Geman Donald, Geman Stuart, Hallonquist Neil, Younes Laurent
Department of Applied Mathematics and Statistics, Johns Hopkins University, Baltimore, MD 21287; and.
Division of Applied Mathematics, Brown University, Providence, RI 02912
Proc Natl Acad Sci U S A. 2015 Mar 24;112(12):3618-23. doi: 10.1073/pnas.1422953112. Epub 2015 Mar 9.

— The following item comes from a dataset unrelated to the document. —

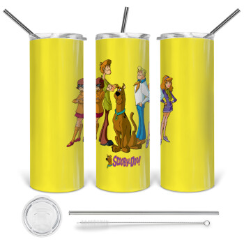Scooby Doo Characters, Tumbler ποτήρι θερμό από ανοξείδωτο ατσάλι 600ml, με μεταλλικό καλαμάκι & βούρτσα καθαρισμού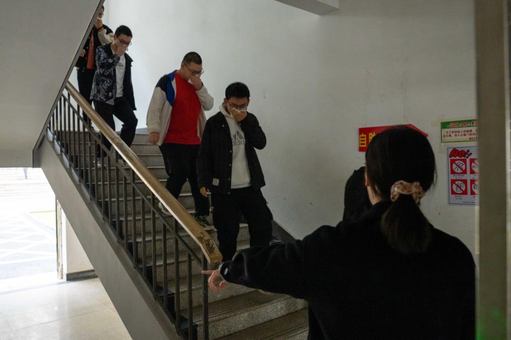 此次“沉浸式”演练分为:报警演练、学生宿舍安全疏散、灭火及消防设备使用培训、消防救援器材参观四个阶段。发生“火情”后,宿管工作人员第一时间向校区值班人员报告,工作人员按照预案,分别报119火警和学院领导,各部门迅速联动开展救援。学生们听到火灾警报后,用湿毛巾捂住口鼻,在疏散组老师的引导下从就近出口迅速撤离,再以寝室为单位在2号篮球场集合清点人数。消防员进入楼栋解救“火灾伤员”,打开消防水管,扑灭模拟起火点。他们还通过消防云梯,顺利对高层被困学生实施救援,医疗卫生组对“伤者”做紧急处置。整个救援工作有条不紊推进,在阳逻救援站25位消防员的帮助下,校区各部门分工协作,对模拟火灾进行了妥善处置,提高了保卫、后勤、学工三支队伍的联动处突能力。

Today, computer vision systems are tested by their accuracy in detecting and localizing instances of objects. As an alternative, and motivated by the ability of humans to provide far richer descriptions and even tell a story about an image, we construct a "visual Turing test": an operator-assisted device that produces a stochastic sequence of binary questions from a given test image. The query engine proposes a question; the operator either provides the correct answer or rejects the question as ambiguous; the engine proposes the next question ("just-in-time truthing"). The test is then administered to the computer-vision system, one question at a time. After the system's answer is recorded, the system is provided the correct answer and the next question. Parsing is trivial and deterministic; the system being tested requires no natural language processing. The query engine employs statistical constraints, learned from a training set, to produce questions with essentially unpredictable answers-the answer to a question, given the history of questions and their correct answers, is nearly equally likely to be positive or negative. In this sense, the test is only about vision. The system is designed to produce streams of questions that follow natural story lines, from the instantiation of a unique object, through an exploration of its properties, and on to its relationships with other uniquely instantiated objects.
如今,计算机视觉系统通过检测和定位物体实例的准确性来进行测试。作为一种替代方法,并且受人类能够提供更丰富描述甚至讲述图像故事的能力的启发,我们构建了一个“视觉图灵测试”:一种由操作员辅助的设备,它从给定的测试图像中生成一系列随机的二元问题。查询引擎提出一个问题;操作员要么提供正确答案,要么以问题模糊为由拒绝该问题;引擎提出下一个问题(“即时验证”)。然后一次向计算机视觉系统提出一个问题来进行测试。记录系统的答案后,向系统提供正确答案和下一个问题。解析过程简单且具有确定性;被测试的系统不需要自然语言处理。查询引擎利用从训练集中学习到的统计约束来生成答案基本不可预测的问题——给定问题历史及其正确答案,一个问题的答案几乎同样可能是肯定或否定的。从这个意义上说,该测试仅关乎视觉。该系统旨在生成遵循自然故事情节的问题流,从单个独特物体的实例化开始,通过探索其属性,再到它与其他独特实例化物体的关系。